*** Dataset excerpt ***
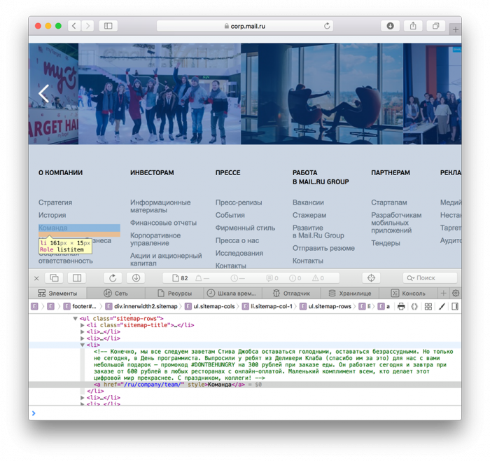 Компания Mail.ru Group приготовила ко Дню программиста пасхалку с секретным поздравлением. Оно спрятано в исходный код корпоративного сайта, и найти его без труда получится не у всех.
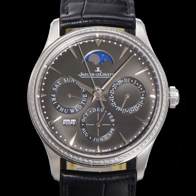 Jager-LeCoultre Master Ultra Thin Perpetual Calendar Automatic MC868 Type 39mm Mens Diamond Bezel Display Grey Dial
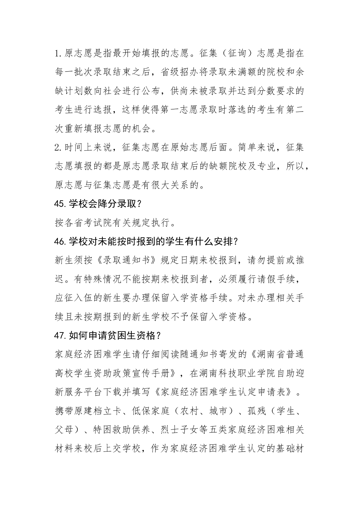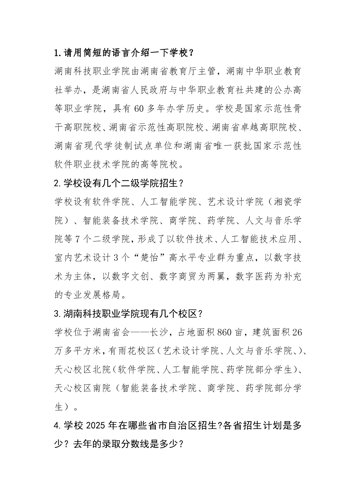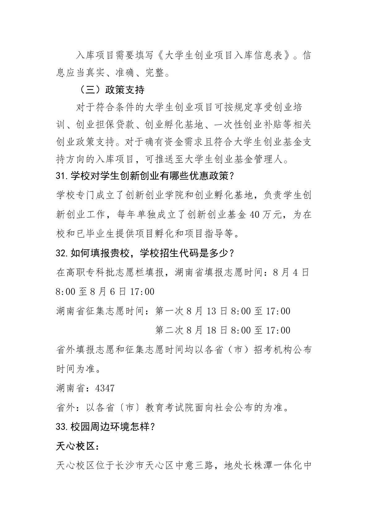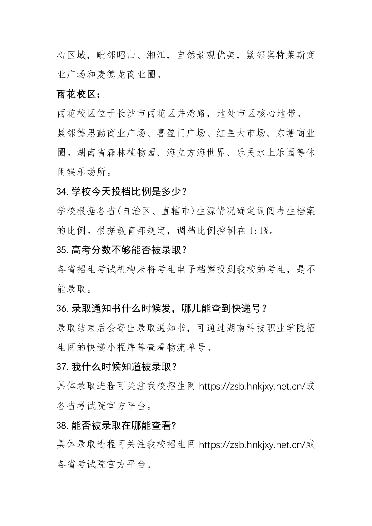 湖南科技职业学院2024年普招答考生问
***
● **Directions for this task**
Leave out the pictures and repeat the remaining data exactly.

● **Completed exercise**
 Компания Mail.ru Group приготовила ко Дню программиста пасхалку с секретным поздравлением. Оно спрятано в исходный код корпоративного сайта, и найти его без труда получится не у всех.
 Jager-LeCoultre Master Ultra Thin Perpetual Calendar Automatic MC868 Type 39mm Mens Diamond Bezel Display Grey Dial
 湖南科技职业学院2024年普招答考生问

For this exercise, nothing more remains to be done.